Before & After

Design for a front yard with an existing path

 

To create an attractive outdoor space it is not always necessary to remove all existing vegetation and other elements. It may be easier to start with a clean slate since you have more options, but often it is more cost effective to work with what you have and possibly change existing features or the way they relate to the rest of the space to make them more practical or aesthetically pleasing.

 

design-front-yard-existing-path-before

 

The brief for this site is to create an attractive front garden with flowering shrubs, spring flowers, a small lawn, and maybe some conifers. The concrete path to the front door needs to remain as is, but additional hard surface materials could be considered.

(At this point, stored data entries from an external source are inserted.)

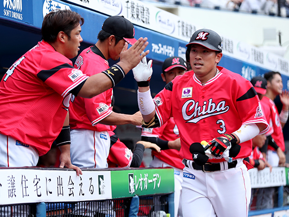 ソロ本塁打を放った角中はベンチでナインとハイタッチ
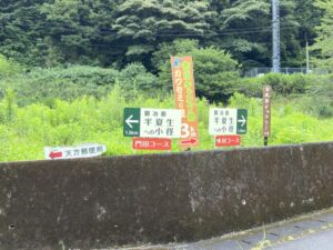 このような看板に沿って行ってください。駐車場は2ヶ所(門田・本村)にあります。
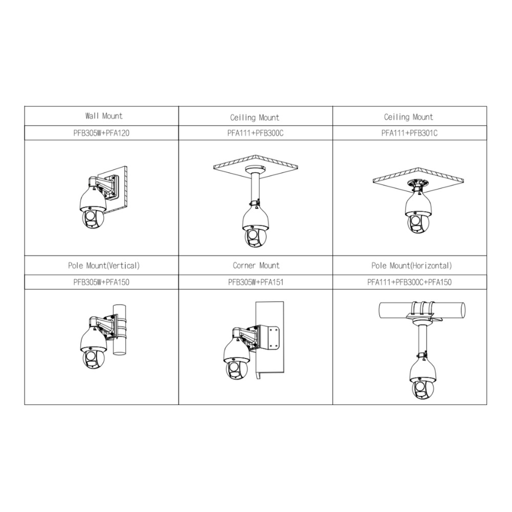 Pan: 0 ~ 360º, Tilt: -15 ~ 90º, auto flip 180º.
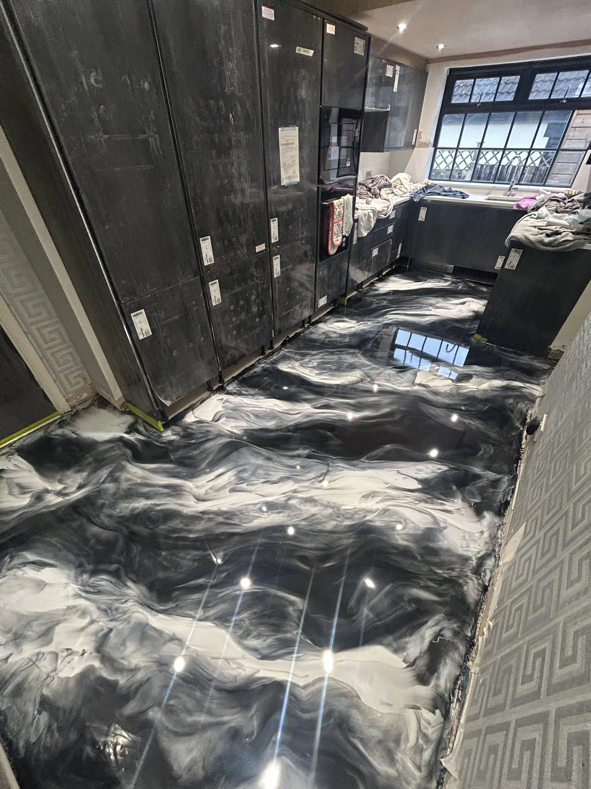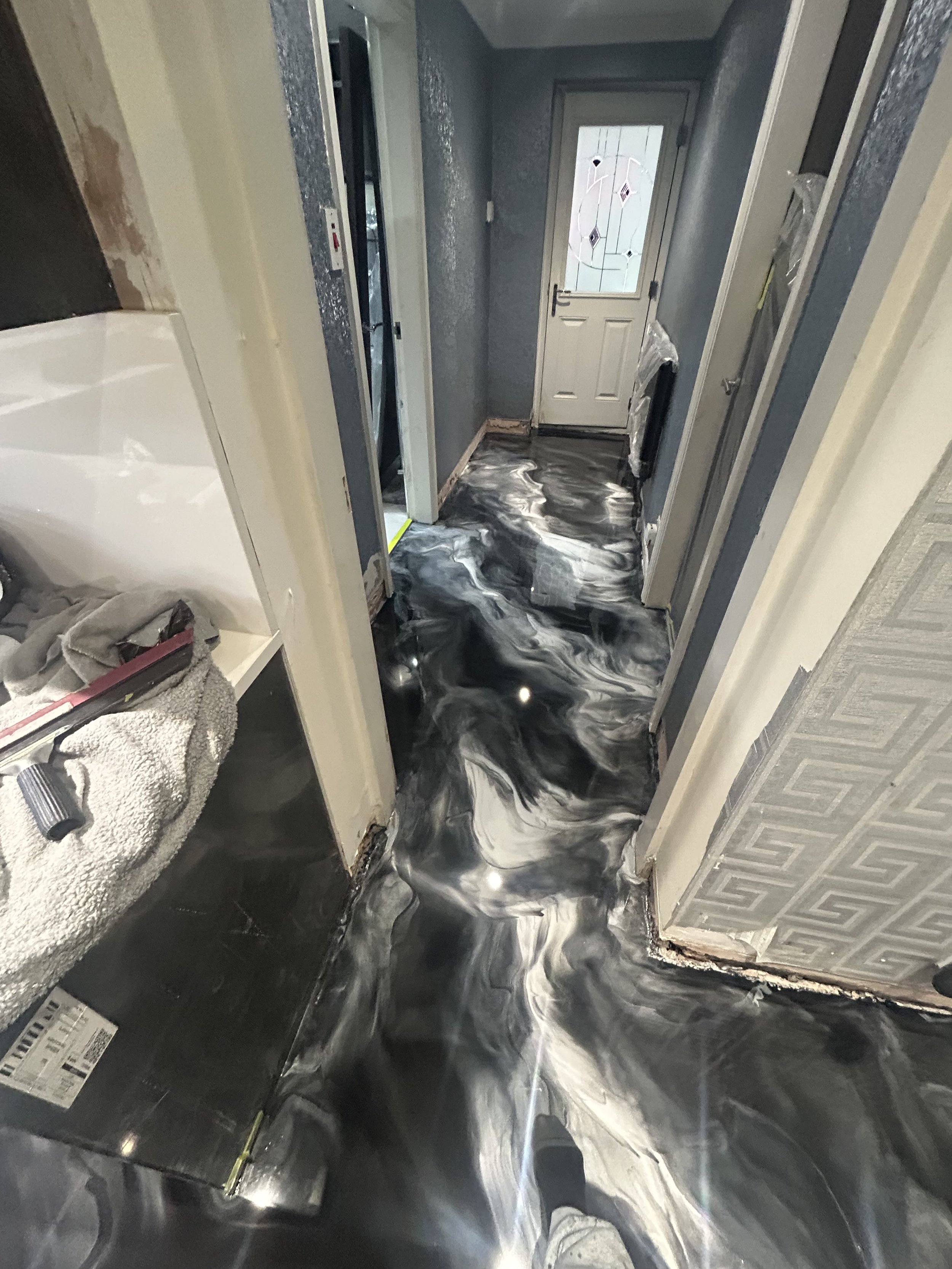 We then poured and manipulated tthe metallic epoxy pigments by hand. Using Black Pearl, Satin White Grey, and Luster Grey, we created a flowing, layered marble-effect finish that gives the floor depth and movement.
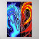 Dois demônios, um de água e outro de fogo, olhando zangados um com o outro, prontos para uma luta. Esta é uma arte gerada por IA.
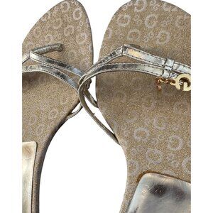 Vintage Guess Mico Kitty Heel, Gold, 8.5W Gems Hot, Sleek, Y2K Sandal, Open Toes
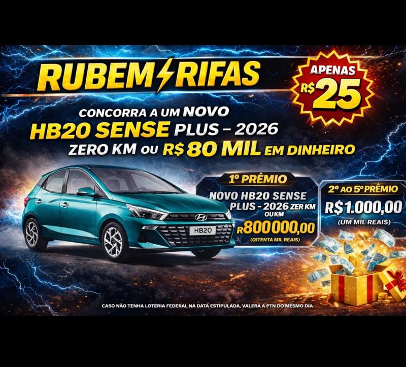 RIFA HYUNDAI HB20 0KM OU R$80.000 SORTEIO SÁBADO DIA 07/03/2026 LOTÉRIA FEDERAL
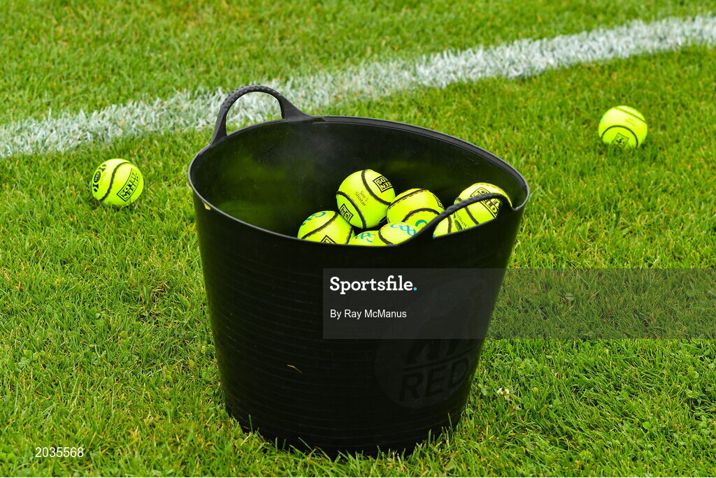 4 July 2021; A bucket of 'Green Fields' sliotars await the arrival of the Clare team before the Munster GAA Hurling Senior Championship Semi-Final match between Tipperary and Clare at LIT Gaelic Grounds in Limerick. Photo by Ray McManus/Sportsfile
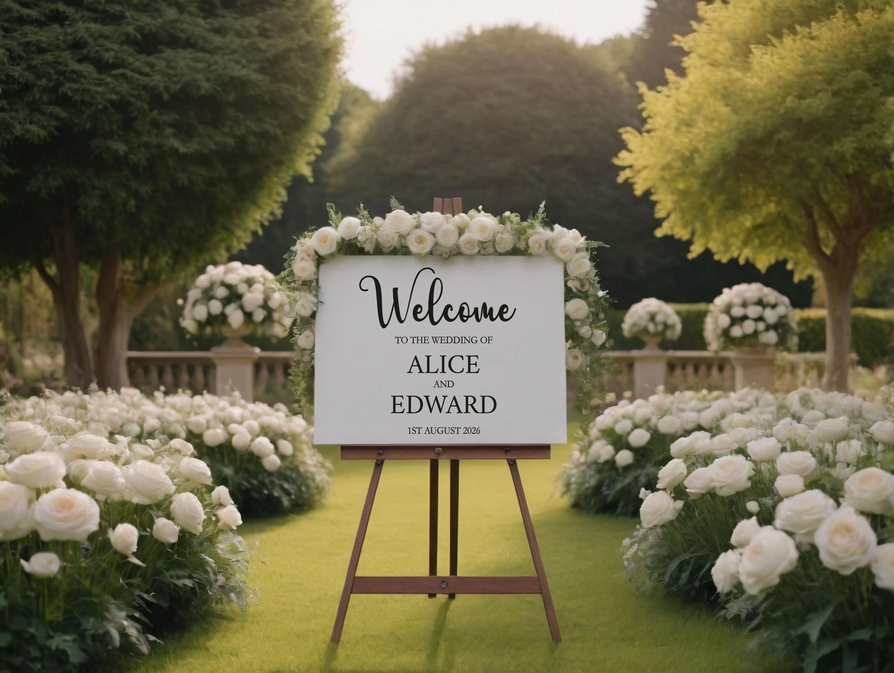 "Make your wedding day unforgettable with our customizable A1 wedding sign, designed to add a p...
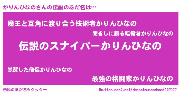| 胡散臭い通販商品みたいなあだ名 | 『必ず成功する霊験あらたかなお札…その名も「かりんひなの」』 |
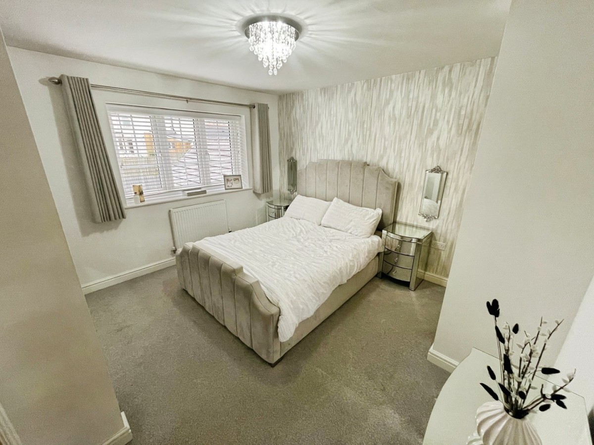 3.39m x 3.73m (11' 1" x 12' 3") Plastered and emulsioned ceiling with centre light, plastered and emulsioned walls with one feature papered wall, skirting and fitted carpet. Good sized PVCu double glazed window overlooking the rear of the property and radiator. Door leading to the en suite.
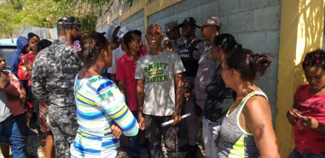 NEIBA.- Agentes policiales volvieron a la Escuela Pedro Mir del Manguito de aquí, atendiendo al llamado de la dirección que insiste en que los padres de los estudiantes depongan el rechazo al suplidor del almuerzo escolar por considerarlo de mala calidad y en cambio se pongan en funcionamiento la cocina del centro.
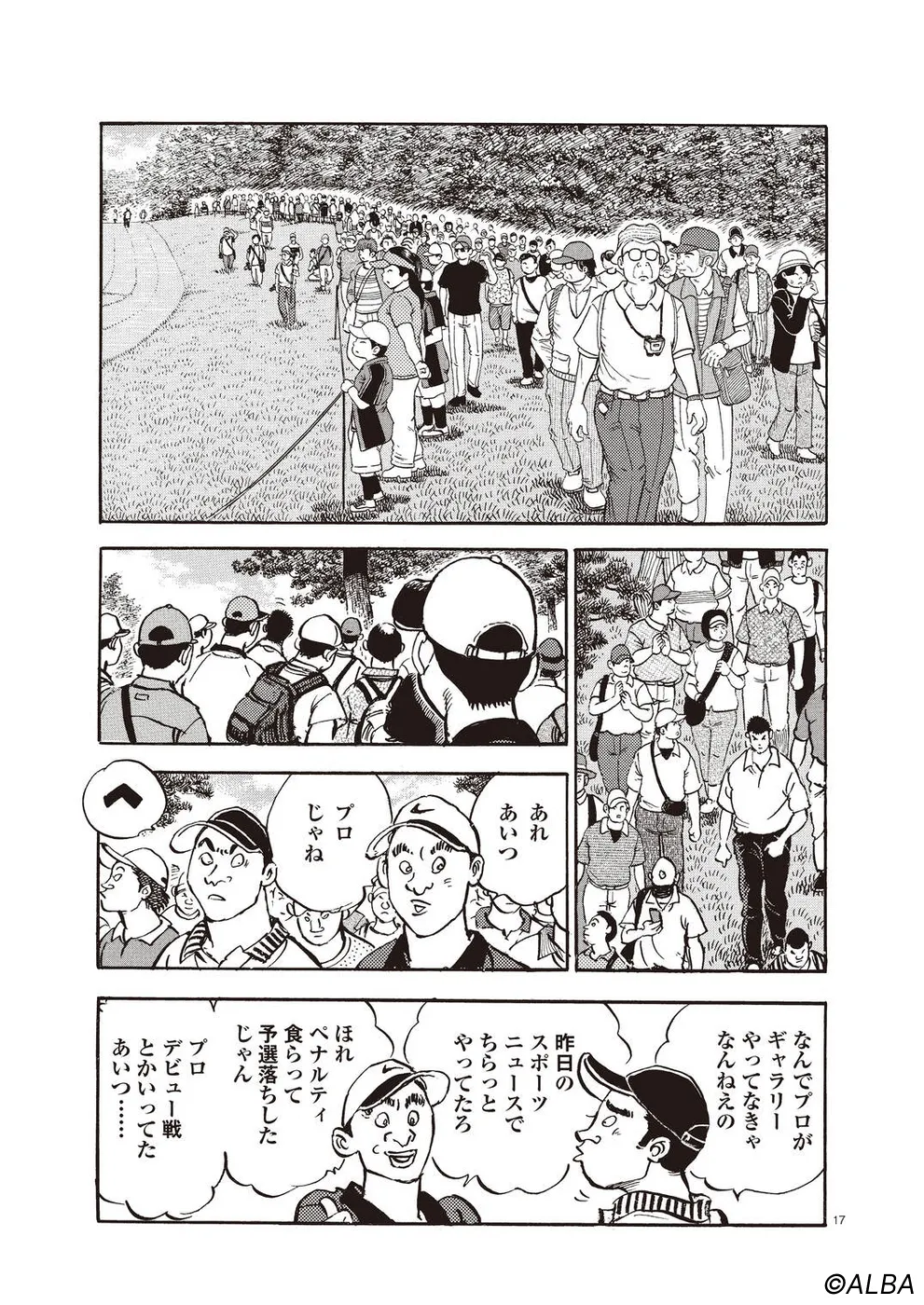 【第60巻あらすじ】初日に8オーバーの大たたきを喫し、無念の予選落ちとなってしまったプロデビュー戦。しかし、新たなライバル、松井秀樹の登場が一丸の心を躍らせる。迎えたプロ2戦目。北海道に乗り込んだ一丸を待っていたのは、一平とそのキャディを勤める桂の姿だった。

There is an internal-access garage to the left of the house.

 

design-front-yard-existing-path

 

Existing narrow paths that are somewhat out of proportion with, and not linked to, the surrounding space, can be made wider by adding bricks or pavers on either side, with or without gravel, pebbles or scoria in between. Even a line of bricks in the lawn with grass in between the path and the bricks is effective in visually increasing the width of the path. 

In this case there is sufficient space near the front door to further widen the access route and create a courtyard-like entrance to the house. Again this could be achieved with a rectangular shape of grass framed by bricks in the lawn, or, like in my drawing, the shape can be filled in with hard surface material such as gravel. A similar, but smaller shape is repeated at the entry to the site. Large pavers in gravel or pebbles connect the driveway with the entrance to the house.

Two small deciduous trees, such as weeping cherries, on either side of the path add a touch of formality. Along part of the boundary a hedge of Escallonia, Corokia, or Griselinia defines the space and separates the garden from the adjacent public space. Along the front year-round interest and colour is provided by low-growing flowering shrubs such as flower carpet roses, lavenders and Coleonema pulchrum (breath of heaven), and by ground-covers like Scabiosa caucasica (pincushion flower), Bergenia cordifolia, Liriope muscari (lilyturf) and Ajuga reptans (bugleweed). Daffodils line the front of the house and can be interplanted with summer-flowering perennials or groundcovers such as Lobelia erinus for a splash of colour at other times of the year. A few groups of evergreen plants with relatively strong shapes like small flaxes, clipped conifers, or grasses provide structure.